What is expected:
Transcribe the records verbatim, images excluded.

Listed records:

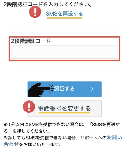 SMSを再送したい方や電話番号を変更したい方は下画像黄色下線のところをクリックして進めてください。
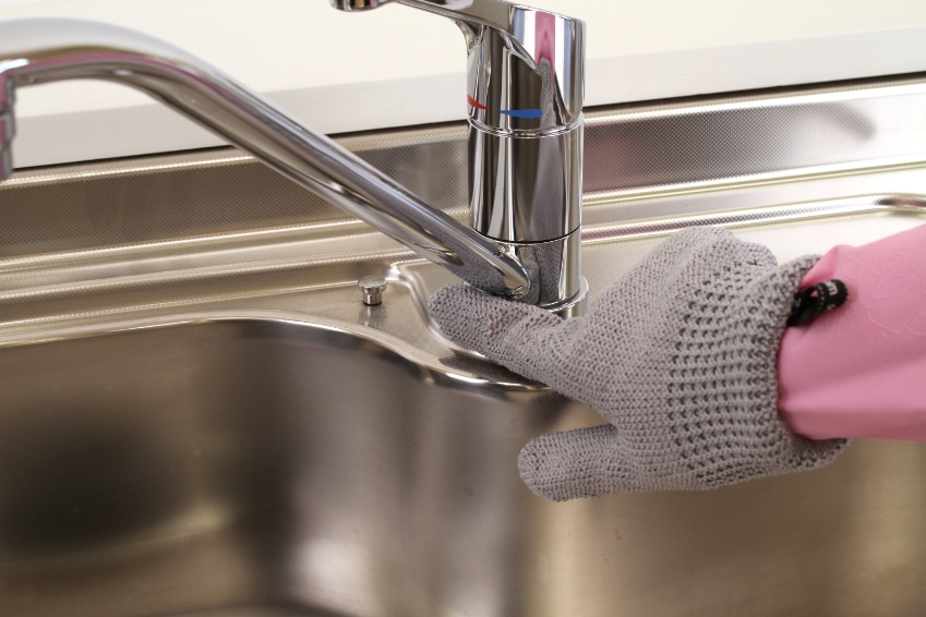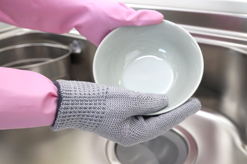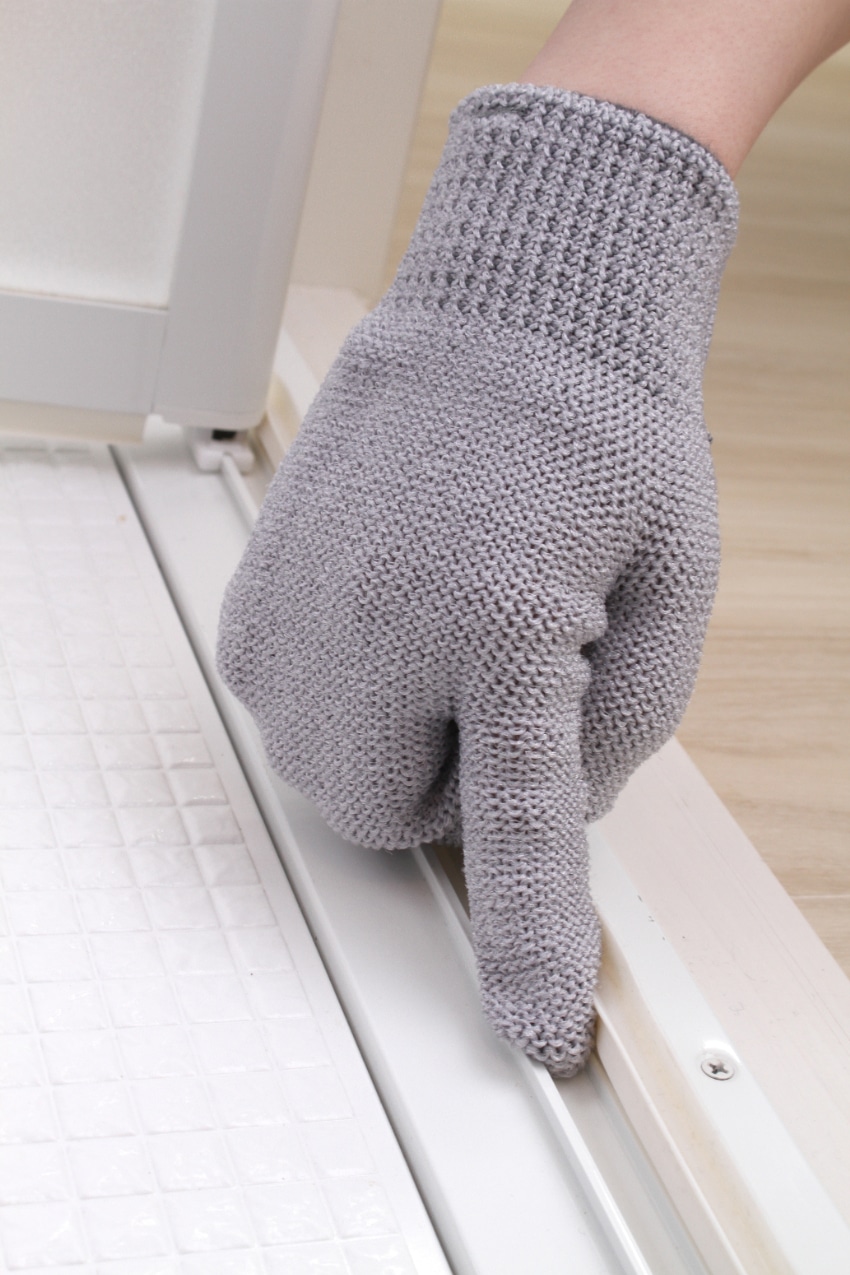 この手袋たわしは、三角形の断面を持つ「異形断面繊維」を使っているので、水だけでもしっかり汚れを落とすことができます。
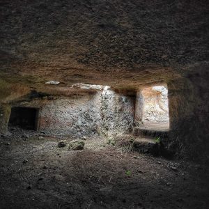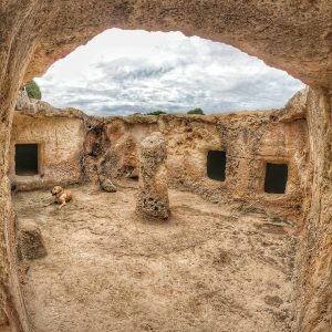 La necropoli è costituita da quattro domus de janas, di cui particolarmente nota la “tomba dell’architettura dipinta”, caratterizzata da decorazioni a rilievo e dipinte. L’ipogeo, con sviluppo planimetrico a “T”, è costituito da un lungo “dromos” terminante in un atrio rettangolare, da un’anticella, da una cella centrale e da due vani laterali.
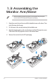 1.3 Assembling the Monitor Arm/Base •• 1-2 While assembling the monitor arm/base, we recommend that you keep the monitor inside its EPS (Expanded Polystyrene) packaging. 1. Align the screw hole on the arm with the bundled screw on the base. Then insert the base into the arm. 2. Fix the base to the arm by fastening the bundled screw. 3. Align the triangle marks on the monitor base and the LED projection cover. Then attach the LED projection cover to the monitor base. 4.
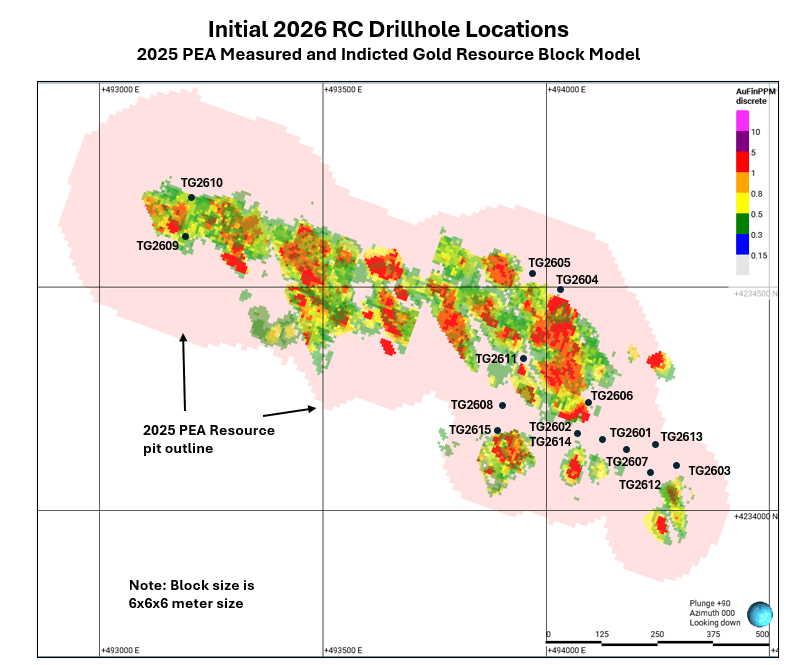 Fifteen drill holes totaling 2,407 m have been completed to date in the 2026 RC drill program. Assay results have been received for holes TG2601 to TG2604, and an initial 10-sample batch has been completed for TG2608, with remaining results pending. Turnaround times for assays have increased from approximately three weeks to five to six weeks. Initial highlights include:

Exercise solution:
 SMSを再送したい方や電話番号を変更したい方は下画像黄色下線のところをクリックして進めてください。
 この手袋たわしは、三角形の断面を持つ「異形断面繊維」を使っているので、水だけでもしっかり汚れを落とすことができます。
 La necropoli è costituita da quattro domus de janas, di cui particolarmente nota la “tomba dell’architettura dipinta”, caratterizzata da decorazioni a rilievo e dipinte. L’ipogeo, con sviluppo planimetrico a “T”, è costituito da un lungo “dromos” terminante in un atrio rettangolare, da un’anticella, da una cella centrale e da due vani laterali.
 1.3 Assembling the Monitor Arm/Base •• 1-2 While assembling the monitor arm/base, we recommend that you keep the monitor inside its EPS (Expanded Polystyrene) packaging. 1. Align the screw hole on the arm with the bundled screw on the base. Then insert the base into the arm. 2. Fix the base to the arm by fastening the bundled screw. 3. Align the triangle marks on the monitor base and the LED projection cover. Then attach the LED projection cover to the monitor base. 4.
 Fifteen drill holes totaling 2,407 m have been completed to date in the 2026 RC drill program. Assay results have been received for holes TG2601 to TG2604, and an initial 10-sample batch has been completed for TG2608, with remaining results pending. Turnaround times for assays have increased from approximately three weeks to five to six weeks. Initial highlights include:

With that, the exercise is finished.